As the afternoon mellowed to a gentle broil, I wandered the peninsula formed by where the Mekong and Namkong rivers meet.

There are many civilised guesthouses along the Namkong, with dining terraces and bars full of gleaming bottles. There are several bridges too. The most egregious violator of basic engineering requires a 5,000 kip levy to use it.

The Namkong is quiet and greenly peaceful. On the road back into town I pass Phousi Hill, topped with a wat from which there are panoramic views of Luang Prabang and the mountains surrounding it. I find back streets where there are no white faces, only crumbling dwellings, Laotions cooking and stray dogs.

Hitting the night market, I run into a German couple from the Mekong boat. Well, one is German, the other is Spanish but says he got 'stuck' in Munich. The other one is not impressed with this, though it seems he is used to it. I talk to them about the life they have 'joyfully chosen' in Bavaria, which at least has nice scenery. We have a lively conversation and I am sad to learn that they are leaving the next morning because they have jobs to return to.

Alas, my evening has peaked.

While hunting a birthday gift Martin finds me. He just hangs around. complaining that the BBC coverage of the Bangkok protests didn't celebrate democracy enough. I think he is talking complete rubbish. (Nigel later tells me he thinks Martin has Asperger's syndrome because he's so socially inept).

Because I'm polite I find myself in the bar with cheap beer drinking soda water with him. He's going on about robots liberating the world and how if he learnt computer programming he'd be the best programmer in the world. He reminds me that he is the living Buddha and that people come to him to hear the truth, but they don't like it.

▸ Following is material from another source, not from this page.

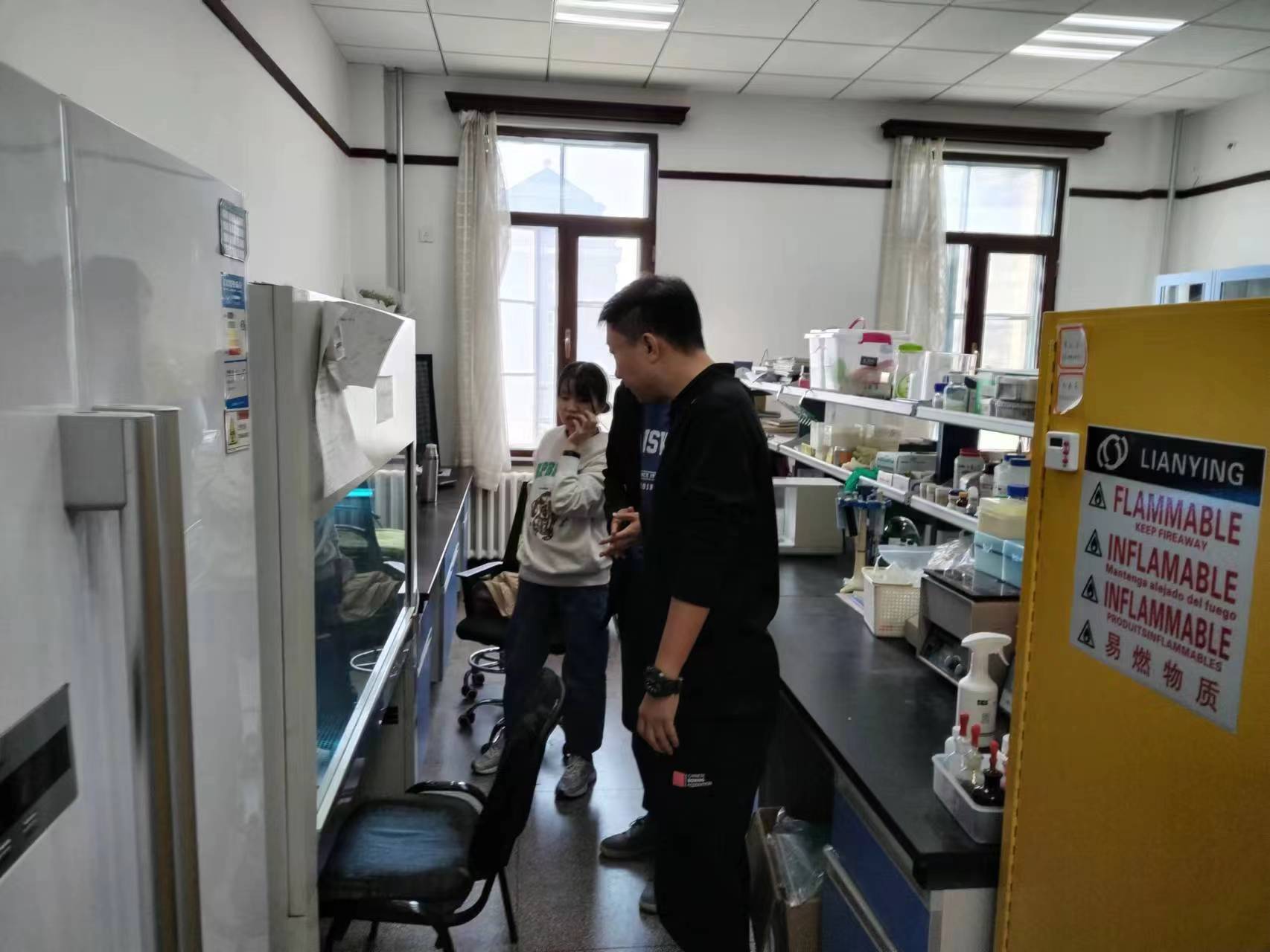 为了消除消防安全隐患,严防安全事故发生,推进公司实验室安全隐患排查和整改,4月21日上午,副经理孙巍与实验室安全管理人员对各学系明火使用情况进行了检查。

I don't like having to hear all this again. So I orchestrate an argument about whether robots could perform in Michelin star restaurants.

'Do you have a high sex drive?' he then asks me apropos of nothing.

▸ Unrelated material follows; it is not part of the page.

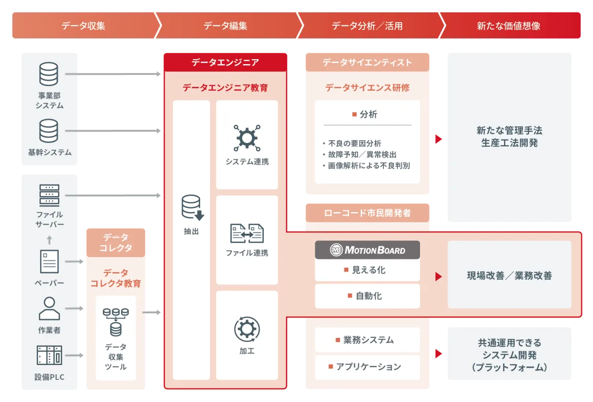 京セラ株式会社は、製造現場の発展に向けたデータエンジニア育成プログラムを展開しています。このプログラムは、IoTセンサーを活用したスマートファクトリー化の一環で、実践型の伴走教育を通じて、IT初心者を含む製造現場の技術者をデータエンジニアとして育成するものです。具体的には、データ活用プラットフォーム「MotionBoard」を利用し、現場の課題を解決するための実践的なスキルを身につけることを目指しています。

'Not in this heat,' I replied, which seemed as good a response as any.

'I am attracted to you,' he continues. 'Are you surprised?'

I didn't even think he liked me, but this is hormones, not companionship.

'Well, I'm a bit swollen,' I venture.

'Yes,' murmurs Martin, staring at my breasts.

I'd rather poke my eyes out with a blunt stick than have sex with Martin, but being polite I say I don't think this course of action would please Claudia, for whom he is supposedly waiting.

'She doesn't need to know,' he says. 'You are just suffering from conditioning to be needy. Let's enjoy the moment and our bodies. We can go down to the river.'

Alternatively, he says we can get a guesthouse room with aircon for $10 (I'd be paying half). He doesn't believe in buying things for women; he tells me that if he met a poverty-stricken Asian woman he would never buy her anything, but he 'would go down to her level and help her to grow'.

Perhaps he thinks he can help me to grow, but I prefer to stay stunted. Grappling with him among the soggy weeds by the water is about as appealing as tap dancing through a field full of landmines. He wants to walk me back to the guest house but I say no. As a farewell, I stick out my hand to shake his. He tells me to relax.

When I see Ellie later I tell her about this unsavoury episode and it turns out he has propositioned her too.

That's it. I really don't like him now.